A Bayesian Functional Concurrent Zero-Inflated Dirichlet-Multinomial Regression Model with Application to Infant Microbiome

Abstract

The infant microbiome undergoes rapid changes in composition over time and is associated with long-term risks of conditions such as immune strength, allergy, asthma, and other health outcomes. Modeling the associations between exposures or treatments and microbial composition over time is essential for understanding the factors that drive these changes. Estimating these temporal dynamics has several challenges including: repeated measures, overdispersion, compositionality, high-dimensional parameter spaces, and zero-inflation. Many longitudinal regression models used in human microbiome research assume constant effects over time that cannot capture time-varying or functional effects of exposures, ignore the compositional structure of the data by modeling each taxon separately, and are not equipped to handle potential zero-inflation. Dirichlet-multinomial (DM) regression models inherently accommodate overdispersion and the compositional structure of the data and have been extended to account for excess zeros. However, existing DM-based regression models are unable to additionally handle repeated measures designs. To fill this gap, we propose a functional concurrent zero-inflated Dirichlet-multinomial (FunC-ZIDM) regression model which is designed to model time-varying relations between observed covariates and microbial taxa while accounting for zero-inflation, compositionality, and repeated measures. Through simulation, we demonstrate that the model can accurately estimate the underlying functional relations and scale to large compositional spaces. We apply our model to investigate time-varying associations between infant microbiome composition and observed covariates during the 11-week postnatal period. We found that $α$-diversity (i.e., diversity of the microbiome within an individual) is positively associated with a higher gestational age and percentage of breast milk in the diet.

Figures (6)

• Figure 1: Observed relative abundance over time (days) for individual infants and averaged over gestational age at birth. Each plot on the left-hand side represents an individual infant's observed microbial composition on the day sampled from la2014patterned, where the stacked bar represents the taxa relative abundances observed from that sample. The right-hand side splits gestational age at birth into three groups, and the daily average compositions are plotted as a stacked bar.

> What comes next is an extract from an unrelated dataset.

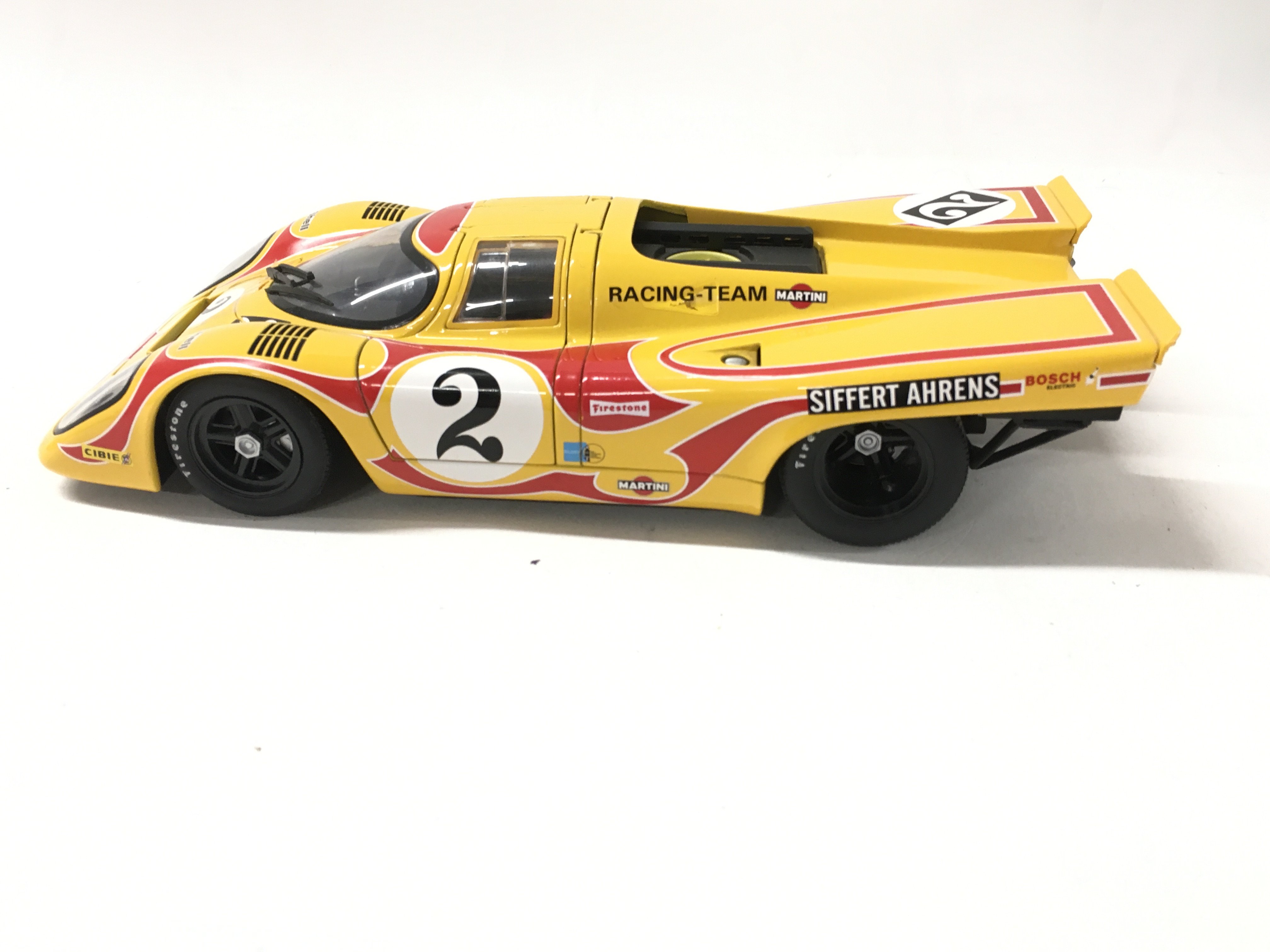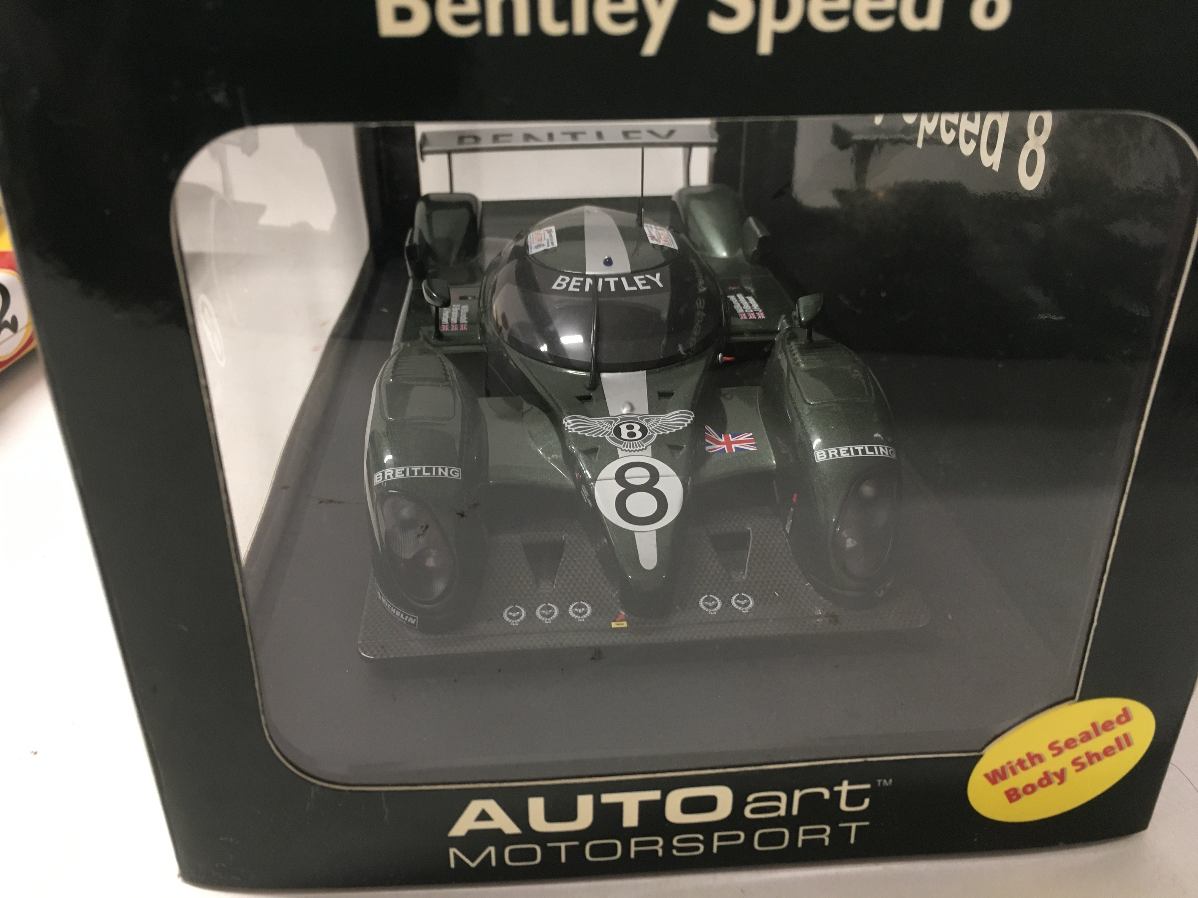2x Autoart motorsport models includes boxed Bentley Speed 8 Le Mans 2003 with green livery.. Also unboxed Porsche 917K Martini Kyayami no2 in vivid yellow livery. No reserve

• Figure 2: Estimated difference in relative abundance of Bacilli, Clostridia, and Gammaproteobacteria over time as baseline covariate values ($\mathbf{x}(t)=\mathbf{0}$). The figure shows the posterior mean (solid blue line) and 0.95 probability credible intervals (dashed black lines). Bacilli, Clostridia, and Gammaproteobacteria were the three most abundant taxa at baseline values of the covariates.

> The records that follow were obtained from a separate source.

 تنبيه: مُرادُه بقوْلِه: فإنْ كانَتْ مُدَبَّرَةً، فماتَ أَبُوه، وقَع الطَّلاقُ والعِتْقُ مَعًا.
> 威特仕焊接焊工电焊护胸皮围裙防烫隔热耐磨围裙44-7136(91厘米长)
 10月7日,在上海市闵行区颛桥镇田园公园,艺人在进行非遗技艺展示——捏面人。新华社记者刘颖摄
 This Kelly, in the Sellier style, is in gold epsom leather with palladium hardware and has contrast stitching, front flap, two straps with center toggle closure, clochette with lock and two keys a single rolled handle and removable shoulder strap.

• Figure 3: The estimated mean multiplicative difference in relative abundance, $\Delta_{v} \text{RA}_{jp}[t, \mathbf{x}(t)]$, and $\alpha$-diversity, $\Delta_{v} \alpha_{p}[t, \mathbf{x}(t)]$, with a $v$-weak difference in gestational age at birth for Clostridia and Gammaproteobacteria. The left plot shows the $\Delta_{v} \text{RA}_{jp}[t, \mathbf{x}(t)]$ for Clostridia and Gammaproteobacteria, and the right plot shows the $\Delta_{v} \alpha_{p}[t, \mathbf{x}(t)]$ with $l=0.75$.

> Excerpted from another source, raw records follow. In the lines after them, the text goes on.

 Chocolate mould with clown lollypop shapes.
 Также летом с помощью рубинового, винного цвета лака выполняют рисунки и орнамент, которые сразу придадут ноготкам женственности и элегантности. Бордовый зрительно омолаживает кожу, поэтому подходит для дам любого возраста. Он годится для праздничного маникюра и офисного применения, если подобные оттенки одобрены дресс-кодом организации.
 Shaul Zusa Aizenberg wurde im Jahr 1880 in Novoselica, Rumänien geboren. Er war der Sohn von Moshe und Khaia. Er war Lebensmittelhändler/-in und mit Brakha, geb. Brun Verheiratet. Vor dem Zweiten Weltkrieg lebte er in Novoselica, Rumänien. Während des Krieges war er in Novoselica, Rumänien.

• Figure 4: The estimated multiplicative difference in relative abundance, $\Delta_{v} \text{RA}_{jp}[t, \mathbf{x}(t)]$, for infants on a diet of 10-50% breast milk compared to $<$$10\%$ breast milk for the three most abundant taxa (left plot). For reference, we provide the estimated functional coefficients, $\beta_{jp}(t)$, for infants on a diet of 10-50% breast milk (right plot).
• Figure 5: Results from simulation scenario 1 demonstrating performance as a function of zero-inflation level. The figure shows Gaussian kernel moving averages with a bandwidth of 750 across levels of zero-inflation for the active covariates. Each line represents a different model.